▸ **PROBLEM**: Starting at the line that contains "4、經過二次發酵的面包胚非常", write out every line through the end of the records below exactly as it appears, and leave out all pictures.

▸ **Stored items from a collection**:
++++++++++++++++++++

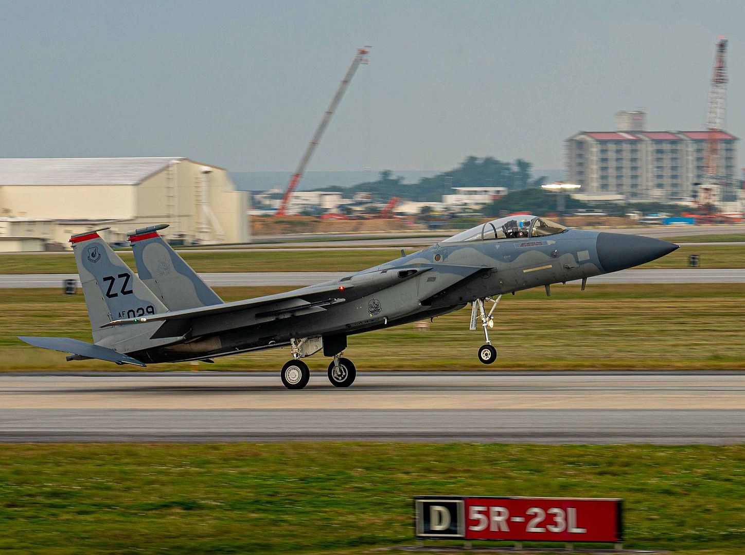 A U.S. Air Force F-15C Eagle lands during a base-wide, routine readiness exercise at Kadena Air Base, Japan, Jan. 15, 2025. Kadena serves as a hub for air power in the Pacific, ensuring readiness to project force capabilities and providing support to regional allies and partners when called upon. (U.S. Air Force photo by Airman 1st Class Catherine Daniel)
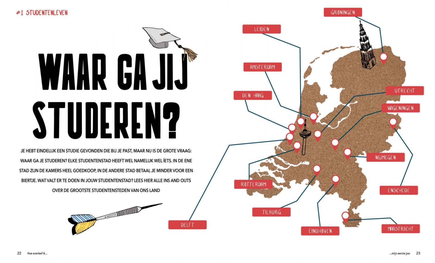 Hoe doe je dat? Waar moet je beginnen? Wat wil je? Een studentenhuis, een appartement of een hospita? Lees hoe andere eerstejaars het hebben aangepakt en hoe zij financieel hun eerste jaar hebben overleefd. Deze gids helpt je op weg met informatie en tips over wonen, lenen, werken, koken, vrije tijd en nog veel meer!
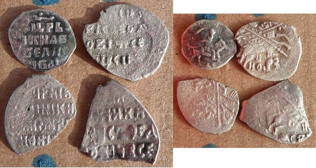 QUOTE(vodoley @ Aug 19 2014, 11:57) 1 - копейка Грозного, № 87 по КГ 2 - копейка Бориса Федоровича, № 173 по КГ 3 - Петр I 4 - московская копейка Михаила Федоровича Все обычные? |
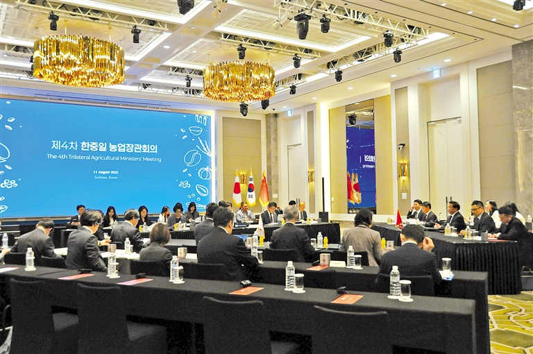 图为8月11日在韩国仁川拍摄的第四届中日韩农业部长会议现场。
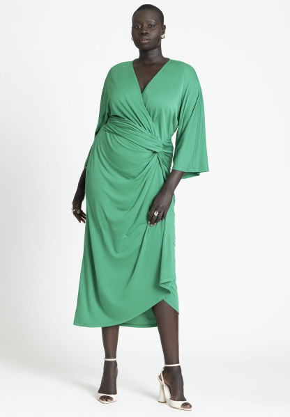 70% Modal, 30% PolyesterRelaxed bodice with close fit skirtUnlinedPull on with elastic at waistDolman sleeveHits at the ankleBody length on size 18 is 56" at the longestDraped frontStretch pique knitMachine wash cold gentle cycle with like colors. Only non-chlorine bleach when needed. Do not tumble dry. Lay flat to dry. Cool iron as needed.
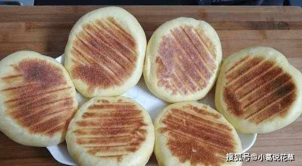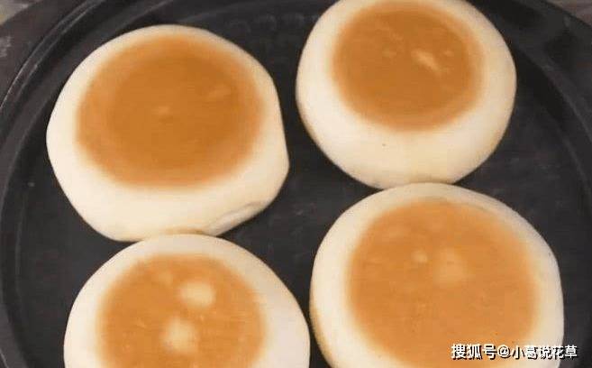 4、經過二次發酵的面包胚非常松軟。電餅鐺燒熱後,將面包胚放入鍋中,不要刷油。蓋上蓋子,記得邊烤邊不停地翻,直到兩面金黃。
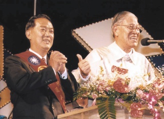 李登辉(右)与亲民党主席宋楚瑜(左),曾经情同父子,也曾经反目成仇,两人政坛交手数十年,证明“政治没有永远的敌人”。资料照片
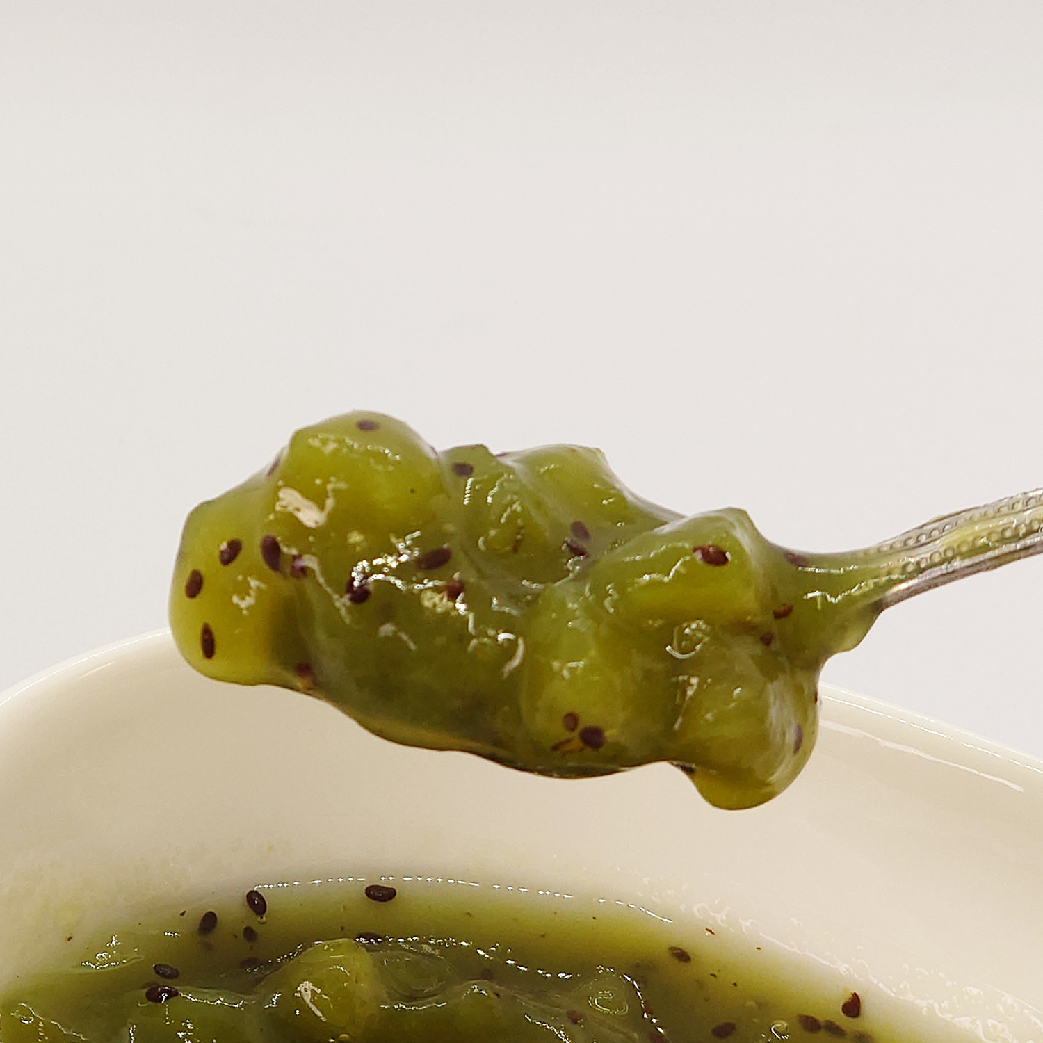 2.「キウイシロップ」の中からティースプーン1杯程度の「キウイ果肉」を別皿に取り分けておく

++++++++++++++++++++

▸ **WRITTEN REPLY**:
 4、經過二次發酵的面包胚非常松軟。電餅鐺燒熱後,將面包胚放入鍋中,不要刷油。蓋上蓋子,記得邊烤邊不停地翻,直到兩面金黃。
 李登辉(右)与亲民党主席宋楚瑜(左),曾经情同父子,也曾经反目成仇,两人政坛交手数十年,证明“政治没有永远的敌人”。资料照片
 2.「キウイシロップ」の中からティースプーン1杯程度の「キウイ果肉」を別皿に取り分けておく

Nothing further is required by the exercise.